Block interaction: a generative summarization scheme for frequent patterns

  • Authors:
  • Ruoming Jin;Yang Xiang;Hui Hong;Kun Huang

  • Affiliations:
  • Kent State University, Kent, OH;The Ohio State University, Columbus, OH;Kent State University, Kent, OH;The Ohio State University, Columbus, OH

  • Venue:
  • Proceedings of the ACM SIGKDD Workshop on Useful Patterns
  • Year:
  • 2010

Quantified Score

Hi-index 0.00

Visualization

Abstract

Frequent pattern mining is an essential tool in the data miner's toolbox, with data applications running the gamut from itemsets, sequences, trees, to graphs and topological structures.

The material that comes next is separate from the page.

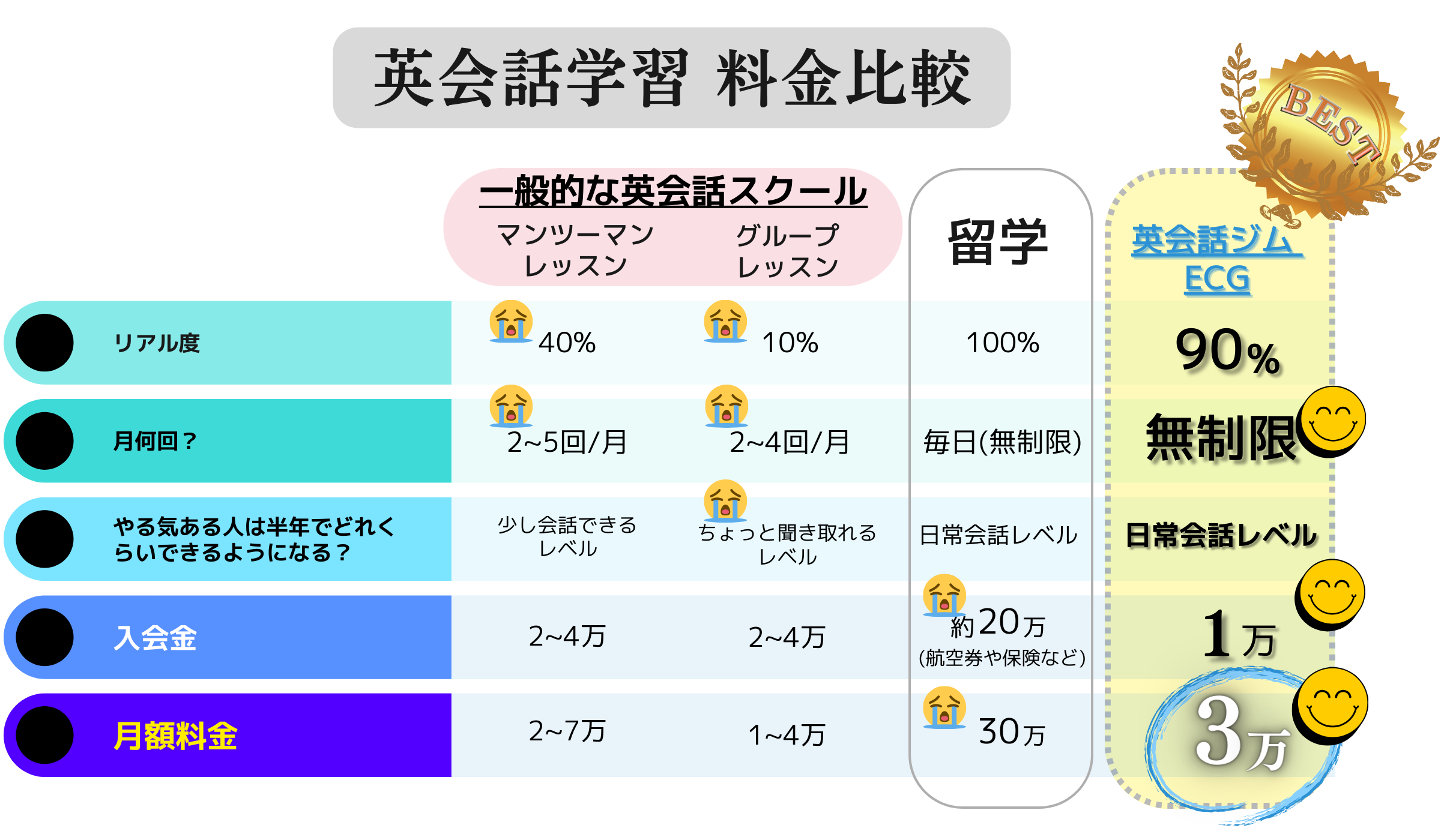 ここでは「誰も」が、「短期」で、「難しい勉強なし」で、まるで留学帰りのような英会話力をスルスルと身につけることができます。

Despite its importance, a major issue has clouded the frequent pattern mining methodology: the number of frequent patterns can easily become too large to be analyzed and used. Though many efforts have tried to tackle this issue, it remains to be an open problem. In this paper, we propose a novel block-interaction model to answer this call. This model can help summarize a collection of frequent itemsets and provide accurate support information using only a small number of frequent itemsets. At the heart of our approach is a set of core blocks, each of which is the Cartesian product of a frequent itemset and its support transactions. Those core blocks interact with each other through two basic operators (horizontal union and vertical union) to form the complexity of frequent patterns. Each frequent itemset can be expressed and its frequency can be accurately recovered through the combination of these core blocks. This is also the first complete generative model for describing the formation of frequent patterns. Specifically, we relate the problem of finding a minimal block-interaction model to a generalized set-cover problem, referred to as the graph set cover (GSC) problem. We develop an efficient algorithm based on GSC to discover the core blocks. A detailed experimental evaluation demonstrates the effectiveness of our approach.